-Over Terminated Gas Supply Agreement
The London Court of International Arbitration (LCIA) has awarded a US$78million judgment against Ghana after the country’s troubled Gas Supply Agreement (GSA) with West Africa Gas Limited (BVI) fell through.
WAG BVI received a total of US$69million in the arbitral award and arbitration cost of Eur353, 000 after it had abrogated the GSA with Ghana over the country’s failure to fulfil some conditions precedent for the agreement to kick into motion.
This is the second judgment debt in less than a month that Ghana has suffered.
Earlier in June 2021, the London-based United Nations Commission on International Trade Law (UNCITRAL) Tribunal had slapped US$ 170 million against in favour of Ghana Power Generation Company (GPGC), after Attorney General Godfred Yeboah Dame refused to fight Ghana’s case.

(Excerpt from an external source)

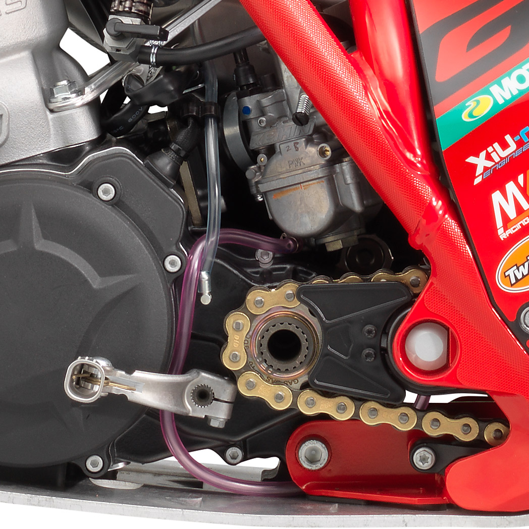 Jednocylindrowy silnik 2T o pojemności 247,7 cm³, średnicy cylindra 72,5 mm i skoku 60 mm wkręca się aż do 10 500 obr./min, oferując mocną, ale w pełni kontrolowalną charakterystykę. Lekka rama z chromowo-molibdenowej stali 25CrMo4 waży zaledwie 6 kg , a całkowita masa motocykla bez paliwa to tylko 67,9 kg . To przekłada się na niesamowitą zwrotność i czucie przodu w ciasnych sekcjach.

In the latest case, WAGL is a Nigerian company based in Abuja, and it is a joint venture established between Ocean Bed Trading (BVI), a member of the Sahara Group, and Nigerian National Petroleum Company (NNPC), it was hired by Ghana in 2015 to supply Liquefied Natural Gas (LNG) for the country as part of measures to arrest the country’s debilitating power outages (dusmsor).
Following negotiations, the GSA was executed on 8 October 2015 for the supply of LNG at the port of Tema, Ghana, initially for a period of five years, with the contract later being extended to ten years.
The dispute arose when the WAGL terminated the GSA on 9th October, 2015 when the government failed to provide a Letter of Credit and establish (with WAGL) a Disputed Amount Account in accordance with the GSA.
Because of this, the WAGL could not complete the Infrastructure Works required for the supply of LNG.
And government’s failure to fulfil its part of the agreement was followed by its decision to enter a new contract with Gazprom because it felt it could make up to US$400million in savings.
At the hearing, WAGL argued that because of the urgent need to arrest ‘dumsor’ the government had asked it to start establishing the necessary infrastructure for the supply of the LNG to Ghana and accordingly signed a Heads of Terms with the government of Ghana.
The government had promised to sort out all necessary paper works, including obtaining Parliamentary and Cabinet approvals, as well as fulfil the conditions precedent, as the WAGL undertook the groundwork.
Consequently, WAGL engaged the services of many companies, including Golar LNG NB13 Corporation, from whom it charteredFloating Storage Regasification Unit FSRU, Mt Golar Tundra which had sailed from Singapore to Tema pursuant to a time charter party.
However, after WAGL had made all the necessary investments, the government’s failure to establish the disputed account and provide letters of credit forced it to slow down on the project.
The resultant slowdown frustrated all the companies that it had hired to undertake groundworks into abrogating their agreements with WAGL and suing the company for damages.
Ghana had been represented by Amofa and Partners, and its arguments had claimed that WAGL had unnecessarily rushed to terminate the agreement and therefore the company has been the architect of its own losses.
This, it argued is because per the original GSA, WAGL ought to have terminated the contract when the conditions changed.
Ghana’s lawyers at the arbitration court had heavily depended on a ruling by Ghana’s Supreme Court to argue its case, but the London Court of International Arbitration dismissed that argument as one that, “turn on their own facts.”